Task directions
Without any pictures, print the lines below from the one that has "2021年1月的渠道库存相对" through the one that has "Custom Actions are", exactly and nothing else.
*** Records to process Section Begins ***
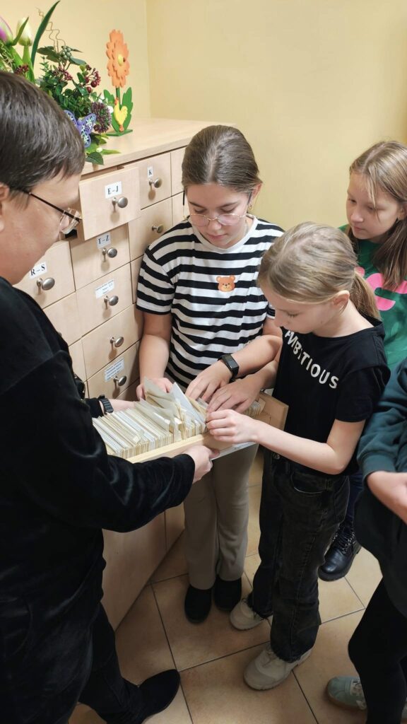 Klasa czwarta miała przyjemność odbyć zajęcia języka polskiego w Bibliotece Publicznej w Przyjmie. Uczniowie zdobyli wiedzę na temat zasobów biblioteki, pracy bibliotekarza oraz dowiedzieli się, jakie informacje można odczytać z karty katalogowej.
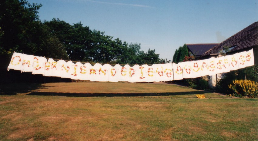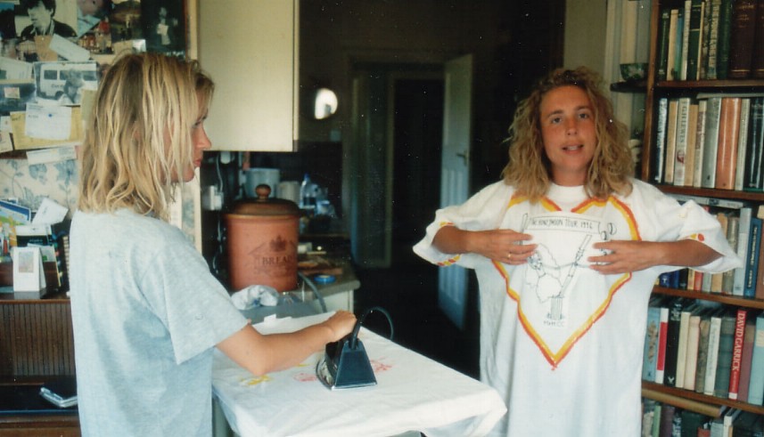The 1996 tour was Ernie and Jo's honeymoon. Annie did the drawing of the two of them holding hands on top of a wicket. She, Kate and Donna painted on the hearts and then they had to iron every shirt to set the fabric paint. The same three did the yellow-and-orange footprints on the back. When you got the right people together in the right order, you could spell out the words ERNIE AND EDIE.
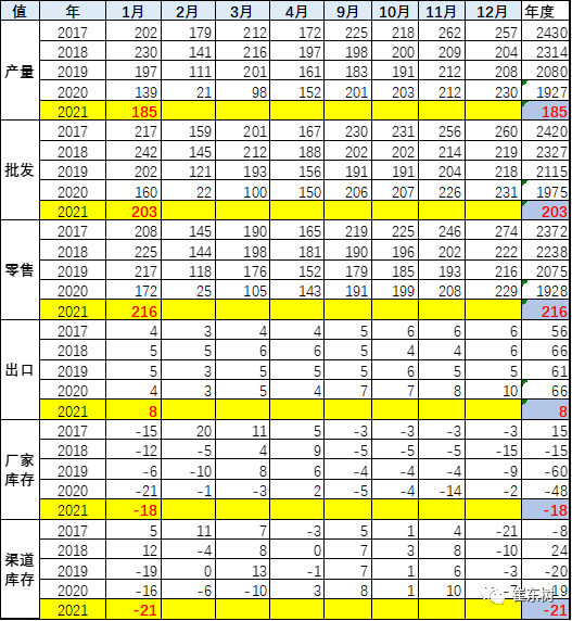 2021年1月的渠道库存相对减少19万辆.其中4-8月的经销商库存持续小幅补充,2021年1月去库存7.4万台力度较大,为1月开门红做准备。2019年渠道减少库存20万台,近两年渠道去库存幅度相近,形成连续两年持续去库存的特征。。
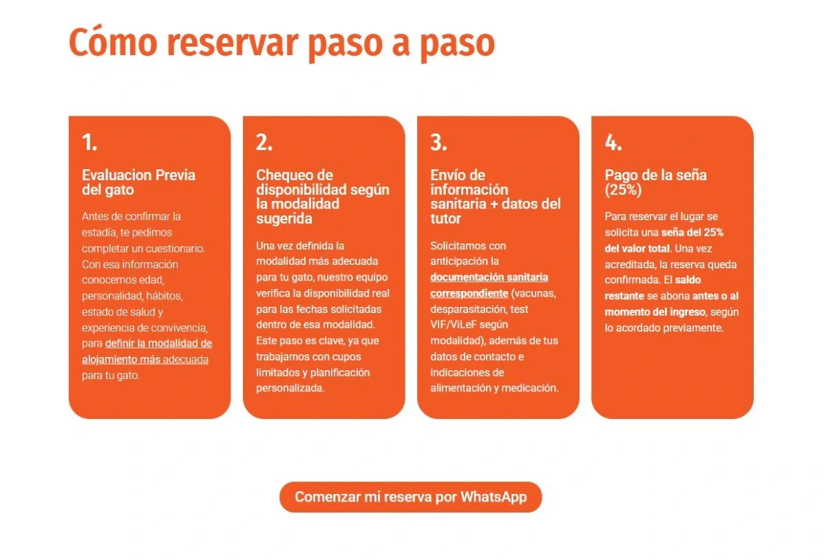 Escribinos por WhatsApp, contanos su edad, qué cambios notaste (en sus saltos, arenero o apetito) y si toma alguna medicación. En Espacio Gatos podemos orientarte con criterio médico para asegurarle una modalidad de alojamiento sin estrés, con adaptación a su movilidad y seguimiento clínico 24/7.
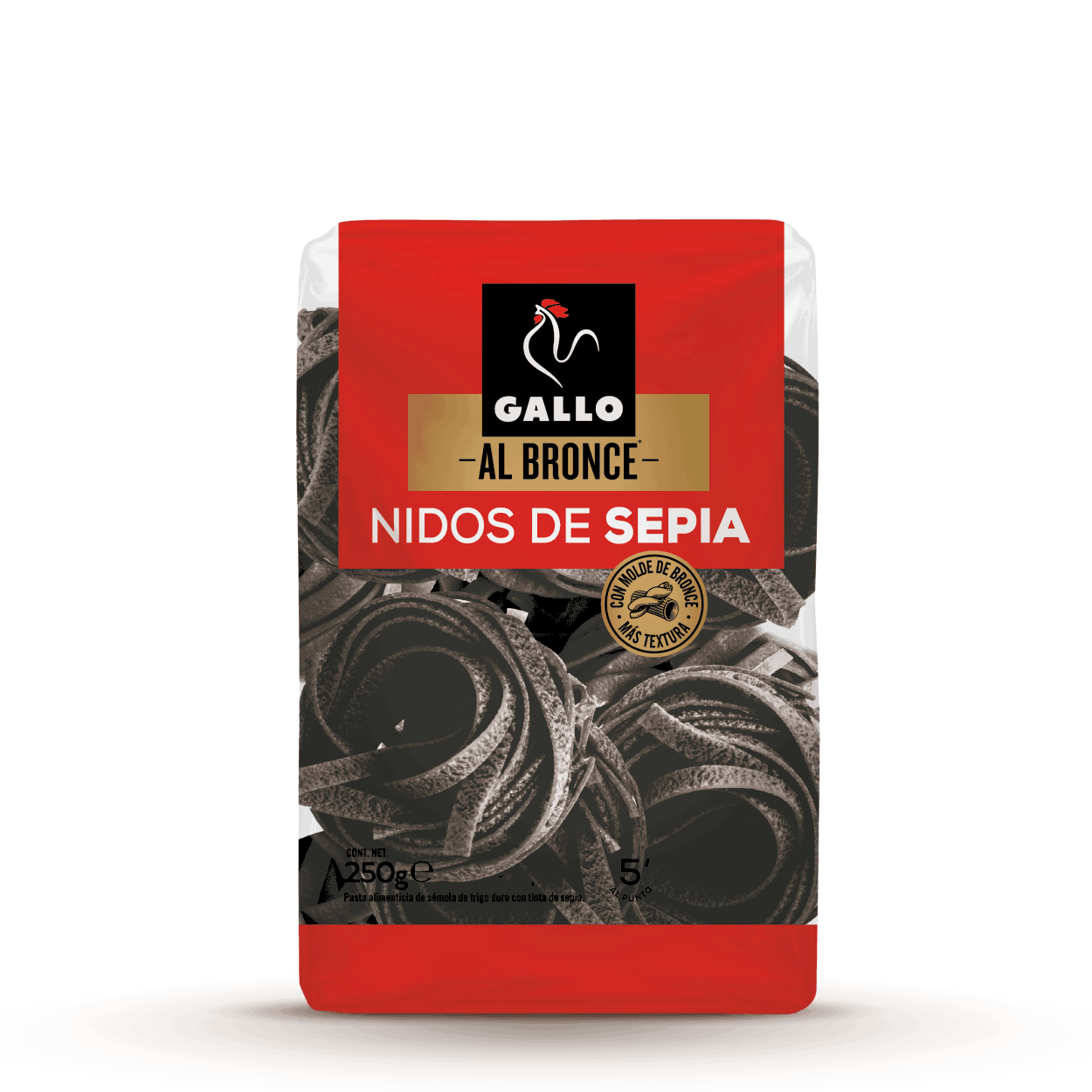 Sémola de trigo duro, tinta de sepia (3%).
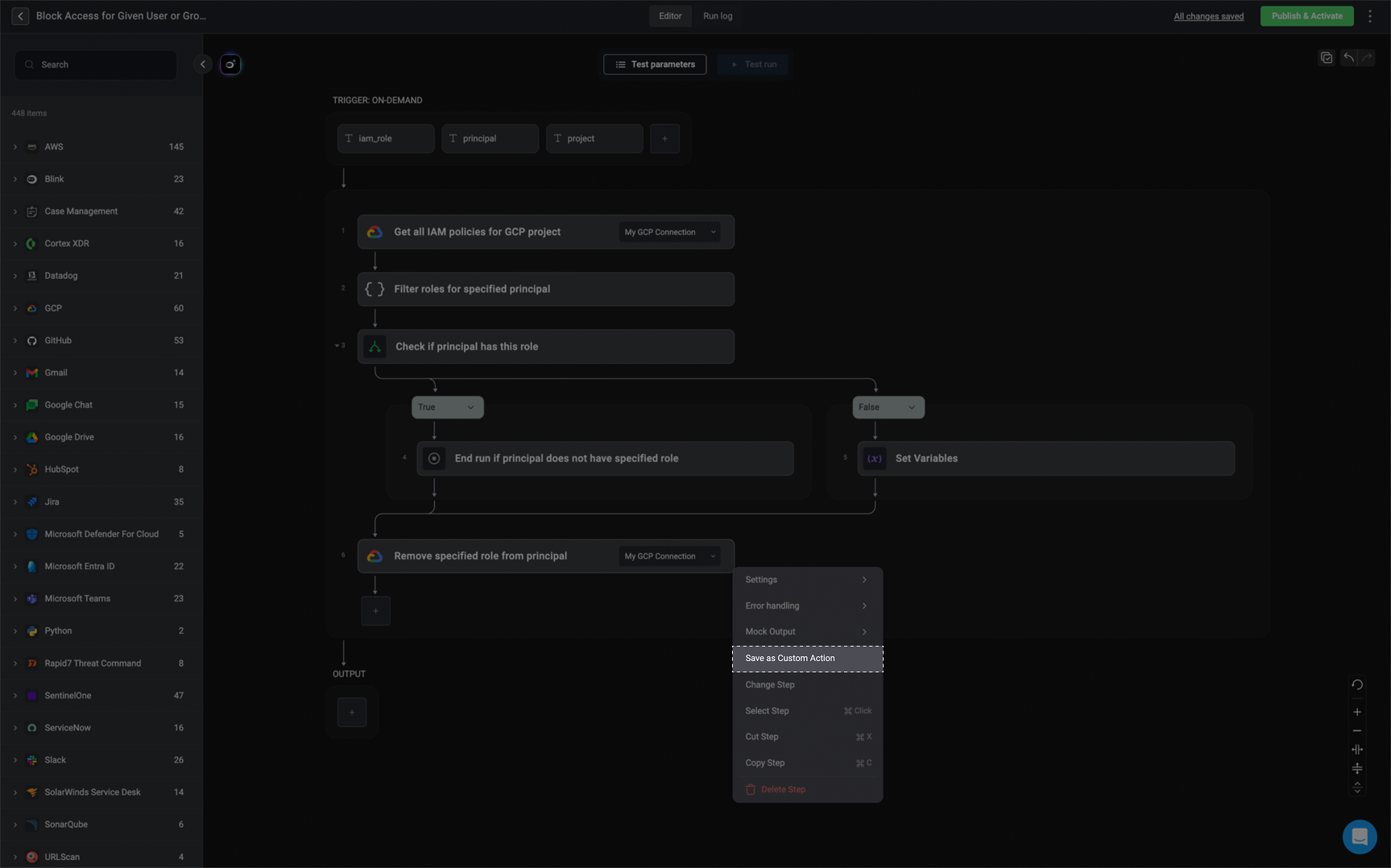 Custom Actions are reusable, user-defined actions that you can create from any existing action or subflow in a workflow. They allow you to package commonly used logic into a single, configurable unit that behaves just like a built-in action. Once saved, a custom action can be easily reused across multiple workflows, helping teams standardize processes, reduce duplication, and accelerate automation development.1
*** Records to process Section Ends ***
*** Records to process Section Begins ***
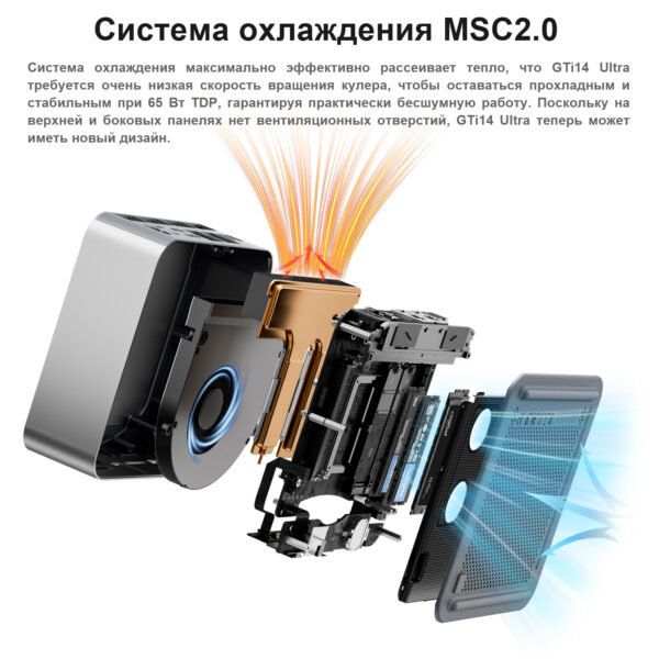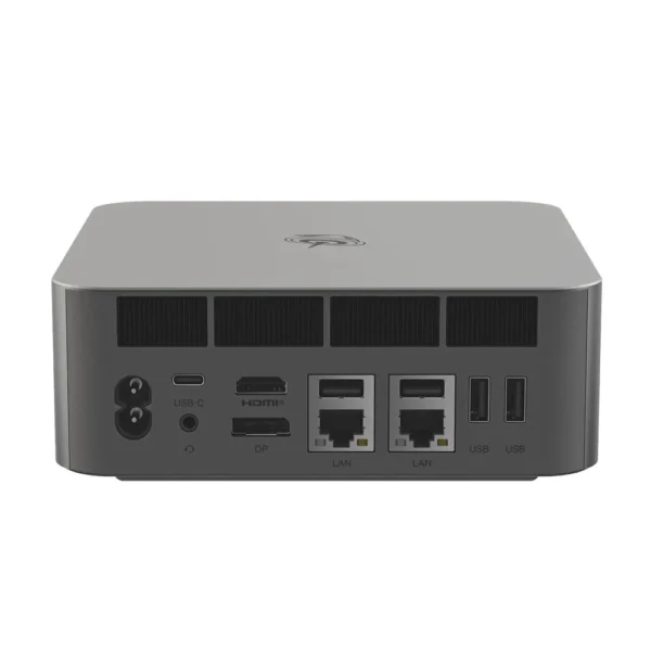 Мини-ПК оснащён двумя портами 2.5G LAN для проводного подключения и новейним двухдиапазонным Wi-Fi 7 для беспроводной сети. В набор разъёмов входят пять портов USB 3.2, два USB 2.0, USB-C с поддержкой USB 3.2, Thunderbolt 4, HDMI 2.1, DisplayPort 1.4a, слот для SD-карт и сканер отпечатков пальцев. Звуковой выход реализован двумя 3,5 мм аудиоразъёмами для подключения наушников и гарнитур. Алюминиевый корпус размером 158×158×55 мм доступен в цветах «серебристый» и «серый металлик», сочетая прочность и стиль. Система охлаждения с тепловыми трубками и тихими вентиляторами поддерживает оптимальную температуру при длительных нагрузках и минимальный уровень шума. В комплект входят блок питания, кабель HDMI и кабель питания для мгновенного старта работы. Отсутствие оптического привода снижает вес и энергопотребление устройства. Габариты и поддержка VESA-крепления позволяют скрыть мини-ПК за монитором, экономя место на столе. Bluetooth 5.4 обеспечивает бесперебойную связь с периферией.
*** Records to process Section Ends ***
Exercise result
 2021年1月的渠道库存相对减少19万辆.其中4-8月的经销商库存持续小幅补充,2021年1月去库存7.4万台力度较大,为1月开门红做准备。2019年渠道减少库存20万台,近两年渠道去库存幅度相近,形成连续两年持续去库存的特征。。
 Escribinos por WhatsApp, contanos su edad, qué cambios notaste (en sus saltos, arenero o apetito) y si toma alguna medicación. En Espacio Gatos podemos orientarte con criterio médico para asegurarle una modalidad de alojamiento sin estrés, con adaptación a su movilidad y seguimiento clínico 24/7.
 Sémola de trigo duro, tinta de sepia (3%).
 Custom Actions are reusable, user-defined actions that you can create from any existing action or subflow in a workflow. They allow you to package commonly used logic into a single, configurable unit that behaves just like a built-in action. Once saved, a custom action can be easily reused across multiple workflows, helping teams standardize processes, reduce duplication, and accelerate automation development.1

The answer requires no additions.